Records from a dataset:

········

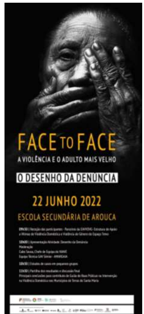
Figura 5: Cartaz do Seminário "Face to Face" - 22/06/2022

https://www.facebook.com/MunicipiodeArouca/posts/pfbid0keqAkSA8McnVUWe4qiNNTSCqo9y7KQ3b1Y5oaH9bLgoXqUiSbY1ttxZB87K7mSnI
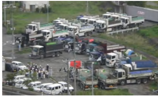
最盛期のダンプ集合写真
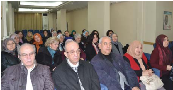
Seminere katılanlardan bir grup.

Öyleyse böylesi bir güzelliği bizlere sağlayacak
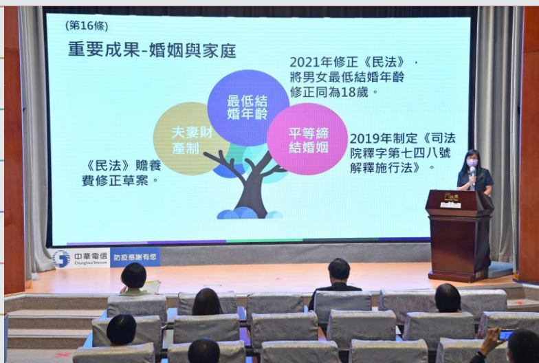
行政院性平處吳秀貞處長於2022年「CEDAW第4次國家報告發表記者會」

········

Transcribe each entry above exactly, apart from the pictures.

Figura 5: Cartaz do Seminário "Face to Face" - 22/06/2022

https://www.facebook.com/MunicipiodeArouca/posts/pfbid0keqAkSA8McnVUWe4qiNNTSCqo9y7KQ3b1Y5oaH9bLgoXqUiSbY1ttxZB87K7mSnI
最盛期のダンプ集合写真
Seminere katılanlardan bir grup.

Öyleyse böylesi bir güzelliği bizlere sağlayacak
行政院性平處吳秀貞處長於2022年「CEDAW第4次國家報告發表記者會」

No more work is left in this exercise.